← back to the blog# Privileged vs non-privileged bases in machine learning

## What's a basis?

## Privileged bases

## Non-privileged bases

## Rotation

## Practical implications

5 May 2023

A basis is the set of building-block vectors which we can use to represent any other vector in a particular space.

Basis vectors should be *independent* of one another, ie we should not be able to express any of the vectors in the set using a combination of the others.

For example, in a 2D vector space, the vectors [1, 0] and [0, 1] form a basis, because any other vector in the space can be expressed as a linear combination of them, and it's not possible to express one with the other.

For example, the vector [2, 3] can be represented as:

[2, 3] = 2[1, 0] + 3[0, 1]

The coefficients 2 and 3 represent how much of each basis vector is needed to form the original vector.

We could also use the vectors [1, 1] and [-1, 1] form an alternative 2D basis, allowing us to express the original vector differently:

[2, 3] = 2[1, 1] + (-1)[-1, 1]

Bases are important because they allow us to represent complex data, like the features of images or text, as collections of simpler components. The choice of basis can have a significant impact on the ability of an algorithm to learn patterns and relationships within the data. By choosing an appropriate basis, we can simplify the representation of the data and make it easier for an algorithm to extract meaningful features.

In certain problem settings, we can make architectural choices which deliberately bias a model to organise its internal representation of certain features along its basis dimensions. These are often called inductive biases. In these cases, those dimensions (or groups of dimensions) will develop specific importance or meaning through the training process. We call these bases *privileged*.

For example, in a convolutional neural network, convolutional layers are explicitly designed to learn local spatial patterns in images such as edges, corners, and textures. The neurons of these layers are constrained to the nearby regions of the input, which encourages the learning of spatially localised features that align with the basis dimensions.

For example, suppose that a CNN is trained to classify images of cats and dogs. If the learned features do not align with the basis dimensions that detect features relevant to cats and dogs, such as whiskers or ears, then the network may not be able to effectively distinguish between the two classes of images. In contrast, if the learned features align with the basis dimensions, then the network can effectively capture the desired patterns in the input and achieve high classification accuracy.

Similarly, the multi-head attention mechanism in a transformer model is designed such that different heads will attend to different aspects of the input sequence, promoting feature alignment.

Regularisation methods like weight decay, dropout, or batch normalisation can also add constraints to the learning process, controlling the model complexity or reducing overfitting. These constraints impose yet more priors on the model, implicitly pushing it to learn features that align with the basis dimensions.
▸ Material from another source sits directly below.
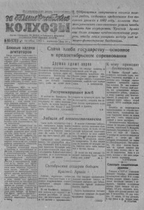 Пролетарии* ваех (рпран, сосдичяьтесь О р г а н С е м е р н о г о Р К ВКП(б^ н - Р а й с о в е т а д е п у т а т о в т р у д я щ и х с я H o p o f и б и р с к о й о б л а с т и №88(639)1 j O октября 1942 г. пятница |цем Юн. % ^О бразцовым завершением о се нни х поле вы х работ, созданием п редпосы лок д ля выс о к о г о у р о ж а я в 1943 го ду , к о л хо з ы д ол жныумнож ить свои нынешние у с п е х и , чтобы создать для госу дарства , 4Кр а с ной Арми и еще более мощные продовольственные р е с у р сы , чтобы этим ускорить п о б е ду над не мецко-фашист ск ими банд итами. Боевые задачи агитаторов С к о р о н а р о ды С о в е т с к о г о С о ю з а б у д у т о т м е ч а т ь з н а м е н а т е л ь н у ю д а т у в и ст о р и и нашей с т р а н ы » - Х Х У г о д о в щ и н у В е л и к ой О к т я б р ь с к о й с о ц и а л и с т и ч е ск о й р е в о л ю ц и и . Н а п р е д п р и я т и я х , в к о л х о з а х , у ч р е ж д е н и я х вы с о к о п о д н ят о ЗН-МЯ п р е д о к т я б р ь с к о г о с о ц и а л и с т и ч е с к о г о с о р е в н о в а н и я . Т р у д я щ и е с я С о в е т с к о г о С о ю з а в с т р е чаю т г о д о в щ и н у В е л и к о г о О к тяб ря новыми ' п р о и з в о д с т в е н ными п о б е д а м и , г о т о в я т м а т е р и - р о д и н е п р о и з в о д с т в е н н ы е п о д а р к и . В к о л х о з а х , М Т С , на п р е д п р и я т и я х , в ^ г ч р е ж д е н и я х н а ш е го р а йон а- с е й ч а с п р о х о д я т с о б р а н и я , н а к о т о р ы х т р у д я щ и ес я б е р у т о б я з а т е л ь с т в а , кл я н у т с я р а б о т а т ь б о л ь ш е , л у чш е , отд ан а в с е с и лы на п ом ощ ь ф р о н т у с тем, чтоб ы у с к о р и т ь р а з г р о м п о д л о г о в р а г а . В п р о в е д е н и и э т о г о м е р о п р и ятия и с к л ю ч и т е л ь н о о т в е т с т в е н н а я р о л ь в о з л а г а е т е ^ на а г и т а т о р о в . Б о е в ы е з а д а ч и а г и т а т о р о в —д о б и т ь с я , ч тоб ы ни о д н о г о ч е л о в е к а не о с т а л о с ь вн е с о р е в н о в а н и я , . ч т о б ы в с е о б я з а т е л ь с т в а , вз я т ы е в п р е д о к т я б р ь с к о м с о р е в н о в а н и и , бы ли вы п о л не н ы . Наш р а й о н н е д о п у с т и м о з а т я н у л х л е б о с д а ч у , до с и х по р не з а к о н ч е н а м о л о т ь б а , с к и р д о в а н и е , м е д л ен н о идет в с п а ш к а з ябн . Д е л о ч ес т и в с е х т р у д я щ и х с я р а й о н а — н а п р я ч ь в се с и л ы , д о б и т ь с я , что бы к X X V г о д о вщ и н е О к т я б р я были п о л н о с т ь ю з а к о н ч е н ы в с е с е л ь х о з р а б о т ы , в ы п о л н е н ы о б я з а т е л ь с т в а по в с е м п л а т е ж а м . Т о в а р и щ и аг ит а т о ры ! И дит е в б р и г а д ы , к мо ло ти л ь ны м а г р е г а т а м , в т р а н с п о р т н ы е зв е н ь я , в ж и в о т н о в о д ч е с к и е б р иг а ды Р а с с к а ж и т е там о в с е н а р о д н о м п р е д о к т я б р ь с к о м с о р е в н о в а ‘ ¿ и , д о б е й т е с ь п о с л о в н о г о у ч а с т и я в с о р е в н о в а н и и , б о р и т е с ь за т о , чт об ы в с е о б я з а т е л ь с т в а бы ли вы п о л не н ы . П о к а ж и т е са м и о б р а з ц ы г е р о и ч е с ко г о т р у д а , з а ж г и т е св о им пр и мером на с а м о о т в е р ж е н н у ю р а б о т у д р у г и х * д о б е й т е с ь , чт обы в дни п р е д о к т я б р ь с к о г о с о р е в н о в а н и я р а б о т а шла д е н ь и но чь, что бы в с е р а б о т а л и д е й с т в и т е л ь н о не п о к ла да я р у к , т а к , к а к б ь ю т с я наши во ины с в р а г ом на у л и ц а х С т а л и н г р а д а , в п р е д г о р ь я х К а в к а з а . Ни ш а г у н а з а д ! Т а к о в п р и к а з Р о дин а д а л а б о й ц а м на ф р о н т е . Р а з ф р о н т т р е б у е т - с д е л а е м ! — т а к о в л о з у н г д о л ж е н с тат ь з а к о н о м с о в е т с к о г о п а т р и о т а в ты лу1 В колхоз,-, Н е в е р н а » з я у я » , О с т я ц к о го с ел ьсо ве та, по-во

In the creation of a non-privileged basis, the model is given no access to privileged information, and the optimiser is given no incentive to align its basis dimensions with a particular type of feature. Instead, the available dimensions are treated as equally important, and the model is free to distribute information equally across them.

For example, in an embedding space generated by a process like word2vec, each word is represented as a high-dimensional vector, with each dimension corresponding to a learned feature of the word. Rather than being deliberately engineered to represent specific linguistic features, the basis vectors are distributed based solely on the relationships of words to one other in the space, regardless of how that vector space itself is arranged.
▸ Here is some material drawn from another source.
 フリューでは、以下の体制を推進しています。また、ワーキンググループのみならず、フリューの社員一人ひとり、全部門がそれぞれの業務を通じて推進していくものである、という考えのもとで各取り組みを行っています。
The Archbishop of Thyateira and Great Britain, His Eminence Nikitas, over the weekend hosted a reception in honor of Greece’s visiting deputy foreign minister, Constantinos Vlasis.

The distribution of basis vectors in the space is driven wholly by the optimiser, rather than by engineering specific dimensions to capture specific aspects of the data.

In cases where the space is larger than the information being encoded, this can result in information being represented redundantly and non-orthogonally across many dimensions. This can make model with non-privileged bases more robust to noise and variations, at the expense of interpretability.

Apart from considering the priors in an algorithm's architecture or its training data, the easiest way to determine whether a basis is privileged is to consider the effect of a rotation on algorithmic performance.

In a non-privileged basis, rotation should have no impact on the effectiveness of the vectors in a model, because their features are not aligned with any specific basis dimension.

In contrast, in a privileged basis, such as in a CNN or transformer MLP, the basis dimensions are designed to capture specific types of features, and there is an incentive for the learned features to align with these dimensions. Rotating the basis would change the orientation of the basis dimensions relative to the learned features. In almost all cases, this misalignment will degrade the model's performance.

For example, a tiger-or-not-tiger model might contain a filter which is trained to capture orange stripes in the input data. Rotating this filter to detect *blue* stripes instead would make this feature much less useful!

It's useful to consider the kind of basis you're working with when training or using a new machine learning model.

If you're using a pre-trained network to extract features from data, knowing whether it will produce vectors in a privileged / non-privileged basis should make its results much more useful and interpretable.

When training models for tasks where interpretability is key, or where specific features are expected to be strong predictors, a privileged basis with strong architectural inductive biases may be appropriate. In contrast, for tasks where the features are less well-defined or where robustness to noise and variations is more important, leaving models open to define a non-privileged basis themselves might be the better choice.